§ **GIVEN MATERIAL**
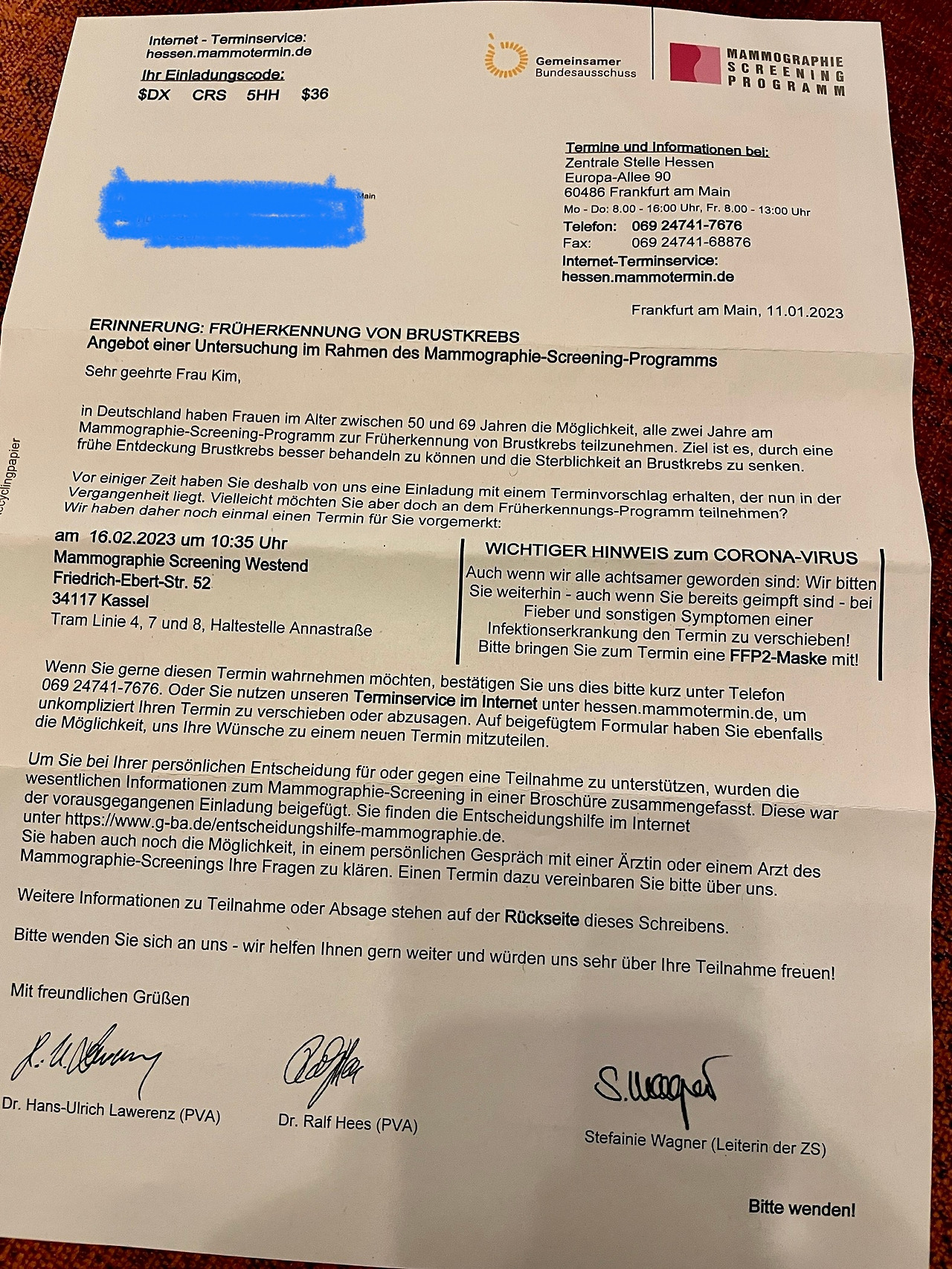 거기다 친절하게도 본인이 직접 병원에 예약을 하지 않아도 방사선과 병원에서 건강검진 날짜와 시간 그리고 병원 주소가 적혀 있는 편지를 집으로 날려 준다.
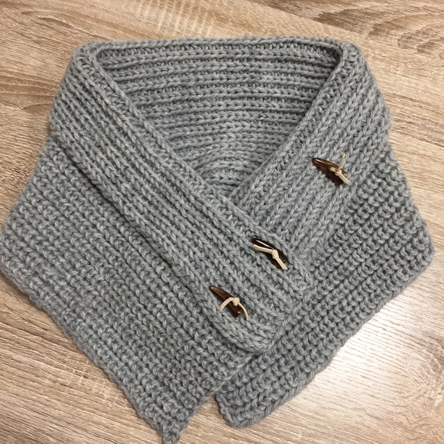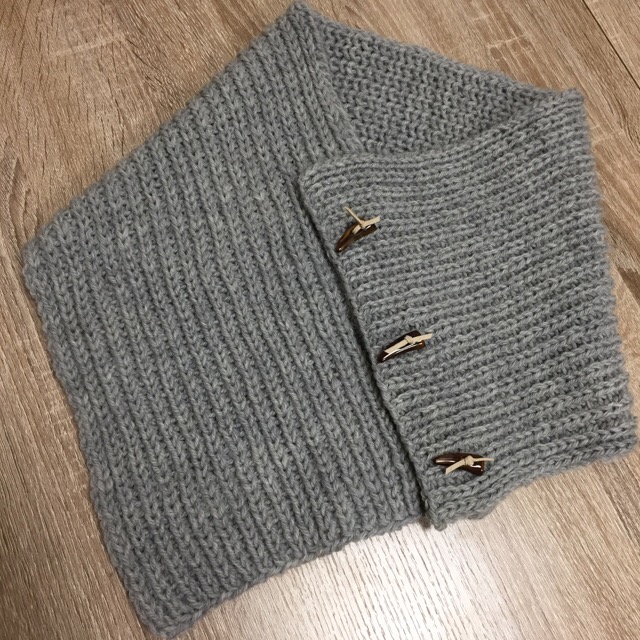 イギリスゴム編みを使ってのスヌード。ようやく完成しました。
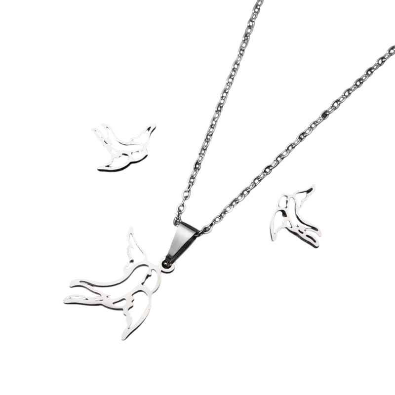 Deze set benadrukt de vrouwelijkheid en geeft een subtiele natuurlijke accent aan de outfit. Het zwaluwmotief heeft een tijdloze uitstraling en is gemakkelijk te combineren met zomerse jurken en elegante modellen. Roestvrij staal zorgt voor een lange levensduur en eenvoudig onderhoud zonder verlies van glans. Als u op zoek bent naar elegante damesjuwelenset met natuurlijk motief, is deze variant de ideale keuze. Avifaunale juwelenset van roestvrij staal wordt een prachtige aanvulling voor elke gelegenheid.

§ **TASK GOAL**
Return the opening line of the data above and every line after it up to and including the line that holds "イギリスゴム編みを使ってのスヌード。ようやく完成しました。"; pictures stay out.

§ **OUTPUT OF THE EXERCISE**
 거기다 친절하게도 본인이 직접 병원에 예약을 하지 않아도 방사선과 병원에서 건강검진 날짜와 시간 그리고 병원 주소가 적혀 있는 편지를 집으로 날려 준다.
 イギリスゴム編みを使ってのスヌード。ようやく完成しました。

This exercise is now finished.